START Exercise data
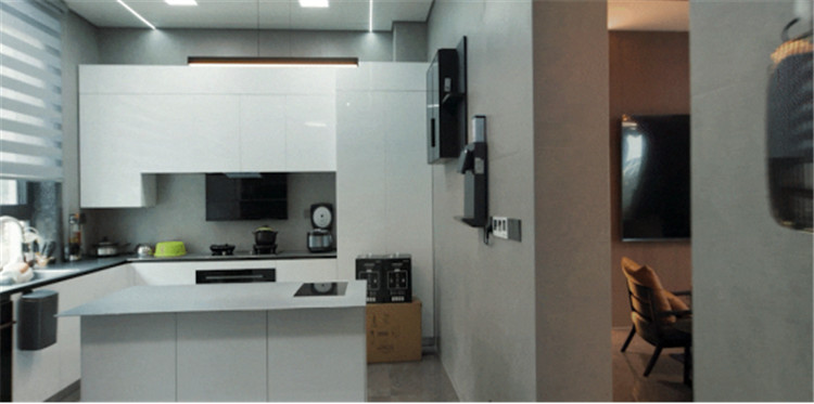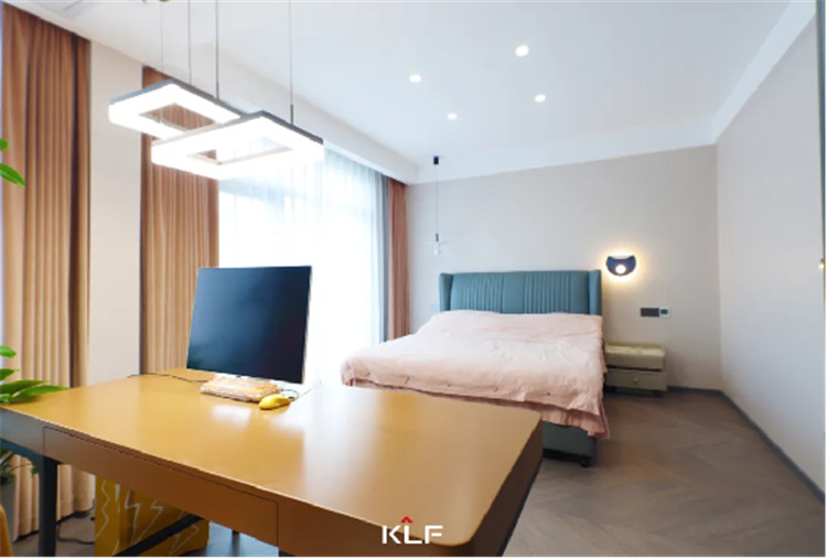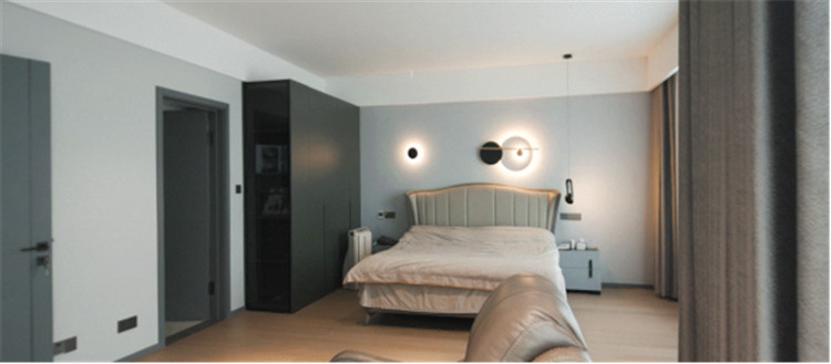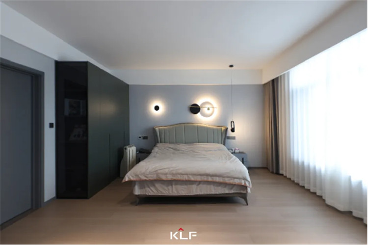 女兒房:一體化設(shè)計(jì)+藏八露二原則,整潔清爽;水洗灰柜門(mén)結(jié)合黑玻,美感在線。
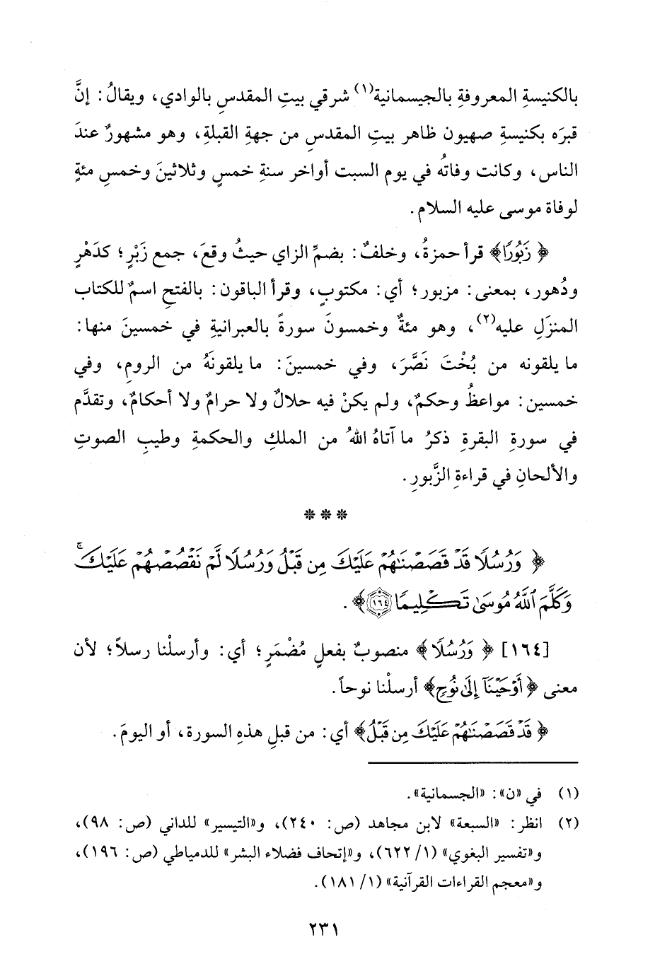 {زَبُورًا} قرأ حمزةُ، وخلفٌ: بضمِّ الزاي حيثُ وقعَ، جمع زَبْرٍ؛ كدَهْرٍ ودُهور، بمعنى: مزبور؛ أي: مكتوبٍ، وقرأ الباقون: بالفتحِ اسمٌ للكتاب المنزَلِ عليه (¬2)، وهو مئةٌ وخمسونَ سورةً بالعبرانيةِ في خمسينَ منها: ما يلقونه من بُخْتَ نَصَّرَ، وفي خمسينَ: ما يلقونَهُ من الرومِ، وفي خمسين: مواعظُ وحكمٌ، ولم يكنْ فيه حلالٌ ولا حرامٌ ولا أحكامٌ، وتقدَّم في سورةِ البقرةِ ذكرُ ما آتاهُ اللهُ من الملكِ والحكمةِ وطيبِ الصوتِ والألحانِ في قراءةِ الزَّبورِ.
END Exercise data
START Exercise data
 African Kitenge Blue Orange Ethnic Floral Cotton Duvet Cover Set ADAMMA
END Exercise data
▸ Your goal
Copy the lines above exactly, starting at the one with "女兒房:一體化設(shè)計" and ending at the one with "في قراءةِ الزَّبورِ.", both included. Leave out any pictures and add nothing else.

▸ Reply to the exercise
 女兒房:一體化設(shè)計(jì)+藏八露二原則,整潔清爽;水洗灰柜門(mén)結(jié)合黑玻,美感在線。
 {زَبُورًا} قرأ حمزةُ، وخلفٌ: بضمِّ الزاي حيثُ وقعَ، جمع زَبْرٍ؛ كدَهْرٍ ودُهور، بمعنى: مزبور؛ أي: مكتوبٍ، وقرأ الباقون: بالفتحِ اسمٌ للكتاب المنزَلِ عليه (¬2)، وهو مئةٌ وخمسونَ سورةً بالعبرانيةِ في خمسينَ منها: ما يلقونه من بُخْتَ نَصَّرَ، وفي خمسينَ: ما يلقونَهُ من الرومِ، وفي خمسين: مواعظُ وحكمٌ، ولم يكنْ فيه حلالٌ ولا حرامٌ ولا أحكامٌ، وتقدَّم في سورةِ البقرةِ ذكرُ ما آتاهُ اللهُ من الملكِ والحكمةِ وطيبِ الصوتِ والألحانِ في قراءةِ الزَّبورِ.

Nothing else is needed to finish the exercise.